= Ines G. Županov =

Croatian historian and Indologist

Ines G. Županov (born 1955) is a Croatian historian and Indologist. She is a director of the Centre d’études de l’Inde et de l’Asie du Sud and senior research fellow at the CNRS, Paris.

She is known for her investigation of Christian and Hindu religious interactions in South Asia. In particular, she has researched the Jesuit missions in Portuguese India, their efforts to translate religious texts into local languages and the resultant linguistic and social transformations of the Indians.

==Life==
Ines G. Županov was born in Zagreb, Yugoslavia, in 1955. She graduated from the University of Zagreb with a degree in comparative literature and Indology in 1979. Her master's (1986) and doctoral degrees (1991) were from the University of California, Berkeley. She is based in Paris, but she has lived successively in Zagreb, Mumbai, Berkeley, Dakar, London, Pondicherry, Berlin, Bochum and currently resides in New Delhi.

==Research==
===Evangelism in India===
Županov has suggested that Portuguese missionaries felt that there was an intrinsic geographical character to India that resisted evangelism and led to paganism. This resistance also contaminated European Christians and caused the meanings of the gospels to be inverted.
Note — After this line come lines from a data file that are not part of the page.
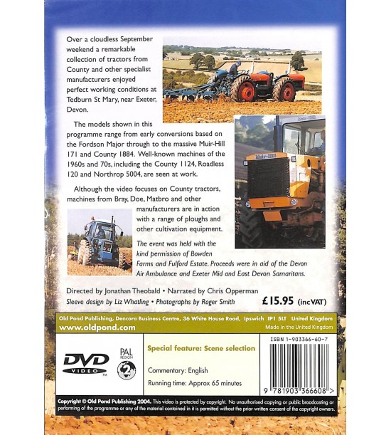 Deel op Facebook Deel op Twitter Deel op LinkedInCounty Tractor Working Days with Ford Conversions De video richt zich voornamelijk op de County tractoren, de machine's van Bray, Doe, Mathbro en andere fabrikanten in actie met een aantal ploegen en andere teeltapparatuur. Ook de vroege conversies op vasis van de Fordson Major, de massale Muir Hill 171, en bekende machine's uit de jaren 1960 en 1970 met inbegrip van de Provincie zijn te zien.
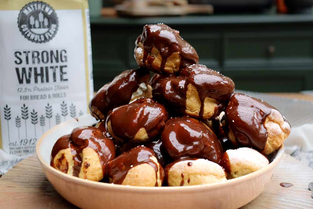 A delightfully decadent dessert – puffs of pastry stuffed with sweetened double cream and smothered in hot chocolate sauce! This epic sweet treat only takes thirty minutes to prep and 20 to bake, so it’s a great option when you need to whip something up in a hurry. Made using our Strong White Bread Flour, Sophie Carey’s easy to follow 9-step method is ready for you to try below!
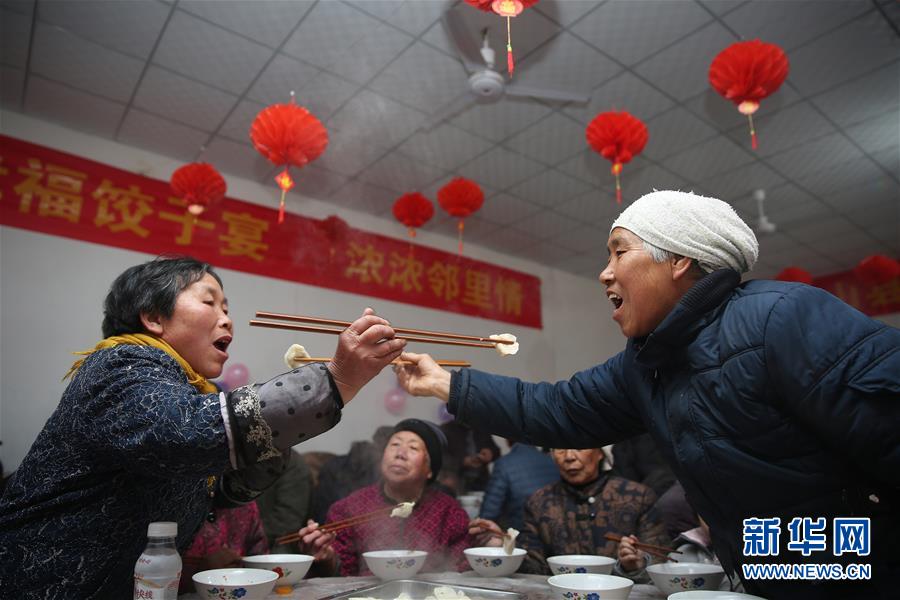 2月21日,在河北石家莊平山縣卷掌村活動中心,村民們用長筷子互相喂食餃子。當(dāng)日,河北省石家莊市平山縣卷掌村舉行“幸福餃子宴”活動,餃子宴上的筷子長達(dá)42厘米,人們只有互相喂食才能方便地吃到餃子,百余名村民在互助互愛中分享快樂。新華社發(fā)(王偉倩 攝) -

She showed that 16th century Jesuit missions in India adopted a calibrated approach to the conversion of Indians to Christianity. Instead of a complete conversion to "European" Christianity, they first translated, with Indian interpreters, key texts into local languages. They abandoned an insistence on proselytising and sermonising in Portuguese, instead encouraging the administration of sacraments in Tamil. This established a society of Indian believers who were then able to organise and fund religious charities and practices, thereby indigenising the faith. Ironically, the translation of Christian works into Tamil by the Jesuits and their interpreters included the rejection of colonial policies. The Jesuits' efforts caused a gradual revolt against the Portuguese language and, eventually, against Portuguese Christian domination.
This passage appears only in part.